Naturally, I bought my kids ice cream at the end of the meal. My son stared at his for a moment, and then did something I will remember the rest of my li! fe.

He picked up his sundae and, without a word, walked over and placed it in front of the woman. With a big smile he told her, "Here, this is for you. Ice cream is good for the soul sometimes, and my soul is good already."



Barbara Wear thinks this man probably bought his wife roses for Valentine´s day:

THE GOOD HUSBAND

Jack wakes up with a huge hangover after attending his company´s Christmas party. Jack is not normally a drinker, but the drinks didn´t taste like alcohol at all. He didn´t even remember how he got home from the party. As bad as he was feeling, he wondered if he did something wrong.

Jack has to force himself to open his eyes, and the first thing he sees is a couple of aspirins next to a glass of water on the side table. And, next to them, a single red rose! Jack sits up and sees his clothing in front of him, all clean and pressed. He looks around the room and sees that it is in perfect order, spotlessly clean.

He takes the aspirins, cringes when he sees a huge black eye staring back at him in the bathroom mirror. Then he notices a note hanging on the corner of the mirror written in red with little hearts on it and a kiss mark from his wife in lipstick: "Honey, breakfast is on the stove. I left early to get groceries to make you your favorite dinner tonight. I love you, darling! Love, Jillian."

He stumbles to the kitchen and sure enough, there is hot breakfast, steaming hot coffee, and the morning newspaper. His son is also at the table, eating.

Jack asks, "Son ... what happened last night?"

"Well, you came home after 3 am., drunk and out of your mind. You fell over the coffee table and broke it, and then you puked in the hallway, and got that black eye when you ran into the door."

Confused, he asked his son, "So, why is everything in such perfect order and so clean?
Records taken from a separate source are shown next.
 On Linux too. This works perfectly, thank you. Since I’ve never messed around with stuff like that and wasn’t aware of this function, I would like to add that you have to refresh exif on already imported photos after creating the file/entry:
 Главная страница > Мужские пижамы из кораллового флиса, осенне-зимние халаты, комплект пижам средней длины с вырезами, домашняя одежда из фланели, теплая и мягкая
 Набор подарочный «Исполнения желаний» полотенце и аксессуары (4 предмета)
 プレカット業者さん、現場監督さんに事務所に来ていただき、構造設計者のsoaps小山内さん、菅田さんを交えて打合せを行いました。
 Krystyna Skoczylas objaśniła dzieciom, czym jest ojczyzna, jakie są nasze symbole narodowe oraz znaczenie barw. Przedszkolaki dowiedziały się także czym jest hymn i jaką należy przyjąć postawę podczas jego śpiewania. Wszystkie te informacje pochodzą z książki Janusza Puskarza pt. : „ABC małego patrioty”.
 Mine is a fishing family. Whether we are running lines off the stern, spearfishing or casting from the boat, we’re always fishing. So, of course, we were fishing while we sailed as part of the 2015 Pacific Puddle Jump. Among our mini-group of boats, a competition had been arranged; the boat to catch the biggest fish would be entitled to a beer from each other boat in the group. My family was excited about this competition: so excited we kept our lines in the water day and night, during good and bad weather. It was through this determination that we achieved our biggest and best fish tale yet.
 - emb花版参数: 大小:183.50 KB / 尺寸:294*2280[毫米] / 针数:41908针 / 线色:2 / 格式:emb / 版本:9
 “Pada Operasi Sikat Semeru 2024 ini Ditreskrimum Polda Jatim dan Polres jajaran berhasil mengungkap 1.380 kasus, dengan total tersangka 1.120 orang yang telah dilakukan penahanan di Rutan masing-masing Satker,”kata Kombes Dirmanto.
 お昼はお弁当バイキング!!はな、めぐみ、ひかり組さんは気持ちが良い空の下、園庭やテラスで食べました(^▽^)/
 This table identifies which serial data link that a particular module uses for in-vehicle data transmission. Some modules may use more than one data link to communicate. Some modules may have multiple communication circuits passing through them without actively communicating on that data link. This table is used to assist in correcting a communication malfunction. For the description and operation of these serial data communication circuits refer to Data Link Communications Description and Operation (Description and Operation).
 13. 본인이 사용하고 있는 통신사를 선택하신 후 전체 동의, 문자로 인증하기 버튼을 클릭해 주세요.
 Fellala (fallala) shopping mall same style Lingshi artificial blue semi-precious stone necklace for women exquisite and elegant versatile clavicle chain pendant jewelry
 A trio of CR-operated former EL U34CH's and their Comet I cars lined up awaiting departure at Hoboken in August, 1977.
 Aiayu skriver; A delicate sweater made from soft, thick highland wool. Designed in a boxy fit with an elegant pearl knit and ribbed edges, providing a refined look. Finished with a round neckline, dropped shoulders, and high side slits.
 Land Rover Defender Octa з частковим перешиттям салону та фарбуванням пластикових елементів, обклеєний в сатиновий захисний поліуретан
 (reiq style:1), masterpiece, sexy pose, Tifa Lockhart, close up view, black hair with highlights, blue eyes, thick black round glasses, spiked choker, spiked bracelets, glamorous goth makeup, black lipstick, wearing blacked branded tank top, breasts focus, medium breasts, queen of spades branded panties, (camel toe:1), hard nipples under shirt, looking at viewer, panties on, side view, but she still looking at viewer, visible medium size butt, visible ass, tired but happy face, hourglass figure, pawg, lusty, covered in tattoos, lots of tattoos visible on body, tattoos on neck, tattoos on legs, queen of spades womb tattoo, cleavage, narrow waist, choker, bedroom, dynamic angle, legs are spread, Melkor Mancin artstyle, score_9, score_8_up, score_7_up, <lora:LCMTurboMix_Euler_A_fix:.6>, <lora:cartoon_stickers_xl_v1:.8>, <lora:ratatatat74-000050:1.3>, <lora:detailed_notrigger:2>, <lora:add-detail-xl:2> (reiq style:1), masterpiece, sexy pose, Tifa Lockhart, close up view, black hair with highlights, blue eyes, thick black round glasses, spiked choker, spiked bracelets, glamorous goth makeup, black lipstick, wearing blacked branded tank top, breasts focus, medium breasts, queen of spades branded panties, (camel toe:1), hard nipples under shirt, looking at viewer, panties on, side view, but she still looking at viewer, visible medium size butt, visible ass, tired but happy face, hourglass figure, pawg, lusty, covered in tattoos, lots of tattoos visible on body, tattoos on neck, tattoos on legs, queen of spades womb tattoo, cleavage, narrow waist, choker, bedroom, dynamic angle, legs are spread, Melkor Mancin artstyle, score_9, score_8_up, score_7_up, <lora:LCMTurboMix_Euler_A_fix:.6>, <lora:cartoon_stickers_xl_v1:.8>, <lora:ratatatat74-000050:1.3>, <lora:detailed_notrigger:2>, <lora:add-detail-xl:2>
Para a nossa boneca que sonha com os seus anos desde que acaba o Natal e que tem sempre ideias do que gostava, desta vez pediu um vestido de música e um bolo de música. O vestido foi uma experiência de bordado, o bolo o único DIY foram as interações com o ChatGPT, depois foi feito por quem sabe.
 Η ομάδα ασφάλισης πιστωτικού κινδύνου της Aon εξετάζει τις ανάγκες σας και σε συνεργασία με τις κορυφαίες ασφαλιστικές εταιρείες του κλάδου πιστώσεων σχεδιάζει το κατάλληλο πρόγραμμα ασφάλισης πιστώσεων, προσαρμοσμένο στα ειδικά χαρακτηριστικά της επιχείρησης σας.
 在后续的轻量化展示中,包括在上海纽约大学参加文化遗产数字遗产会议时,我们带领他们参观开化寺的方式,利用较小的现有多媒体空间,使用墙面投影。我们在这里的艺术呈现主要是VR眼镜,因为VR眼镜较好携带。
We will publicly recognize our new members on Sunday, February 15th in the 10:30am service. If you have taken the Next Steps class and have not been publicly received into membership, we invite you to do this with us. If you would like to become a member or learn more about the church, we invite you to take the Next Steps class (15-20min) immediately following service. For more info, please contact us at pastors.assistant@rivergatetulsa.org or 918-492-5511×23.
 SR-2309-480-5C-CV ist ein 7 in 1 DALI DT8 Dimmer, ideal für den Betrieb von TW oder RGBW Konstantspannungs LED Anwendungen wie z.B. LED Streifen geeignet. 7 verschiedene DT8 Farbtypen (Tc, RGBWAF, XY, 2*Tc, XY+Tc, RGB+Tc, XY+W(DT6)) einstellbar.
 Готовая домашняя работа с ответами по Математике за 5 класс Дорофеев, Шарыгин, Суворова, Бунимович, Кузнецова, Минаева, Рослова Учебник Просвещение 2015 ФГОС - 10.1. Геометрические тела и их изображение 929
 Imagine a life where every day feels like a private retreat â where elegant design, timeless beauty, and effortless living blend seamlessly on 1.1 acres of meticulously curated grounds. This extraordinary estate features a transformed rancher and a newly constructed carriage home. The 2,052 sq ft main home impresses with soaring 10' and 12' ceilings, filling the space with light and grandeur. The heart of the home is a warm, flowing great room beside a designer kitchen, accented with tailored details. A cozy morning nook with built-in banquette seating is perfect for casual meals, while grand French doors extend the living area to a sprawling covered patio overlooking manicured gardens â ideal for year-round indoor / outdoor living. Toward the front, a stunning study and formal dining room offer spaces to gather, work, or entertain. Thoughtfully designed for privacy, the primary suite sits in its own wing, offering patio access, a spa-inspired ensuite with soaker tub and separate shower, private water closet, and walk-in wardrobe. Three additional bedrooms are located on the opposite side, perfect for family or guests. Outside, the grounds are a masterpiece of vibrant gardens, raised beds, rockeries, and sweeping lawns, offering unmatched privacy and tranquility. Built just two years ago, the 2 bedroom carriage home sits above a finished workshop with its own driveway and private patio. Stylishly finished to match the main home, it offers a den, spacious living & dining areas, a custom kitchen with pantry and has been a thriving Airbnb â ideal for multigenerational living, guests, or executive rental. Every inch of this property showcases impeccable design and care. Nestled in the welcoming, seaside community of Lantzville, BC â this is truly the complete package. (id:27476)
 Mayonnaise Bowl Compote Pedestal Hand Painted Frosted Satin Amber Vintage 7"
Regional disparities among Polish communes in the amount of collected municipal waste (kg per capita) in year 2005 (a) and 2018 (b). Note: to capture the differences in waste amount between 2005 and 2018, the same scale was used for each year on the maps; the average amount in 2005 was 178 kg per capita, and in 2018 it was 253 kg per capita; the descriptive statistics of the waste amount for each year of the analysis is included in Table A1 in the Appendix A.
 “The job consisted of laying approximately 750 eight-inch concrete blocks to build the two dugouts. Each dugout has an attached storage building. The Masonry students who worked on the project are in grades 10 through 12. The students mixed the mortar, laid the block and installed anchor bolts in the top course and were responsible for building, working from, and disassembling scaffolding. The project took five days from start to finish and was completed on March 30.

I have a rose, and breakfast is on the table waiting for me?"

His son replies, "Oh THAT! ... Mom dragged you to the bedroom, and when she tried to take your pants off, you screamed, ´Leave me alone, I´m married!´"

Broken Coffee Table $239.99Hot Breakfast $4.20Two Aspirins $.38Saying the right thing at the right time ... PRICELESS



RECOMMENDED SITE

To put things into perspective, look at this site:

http://www.miniature-earth.com/me_english.htm



"Karate is a form of martial arts in which people who have had years and years of training can, using only their hands and feet, make some of the worst movies in the history of the world."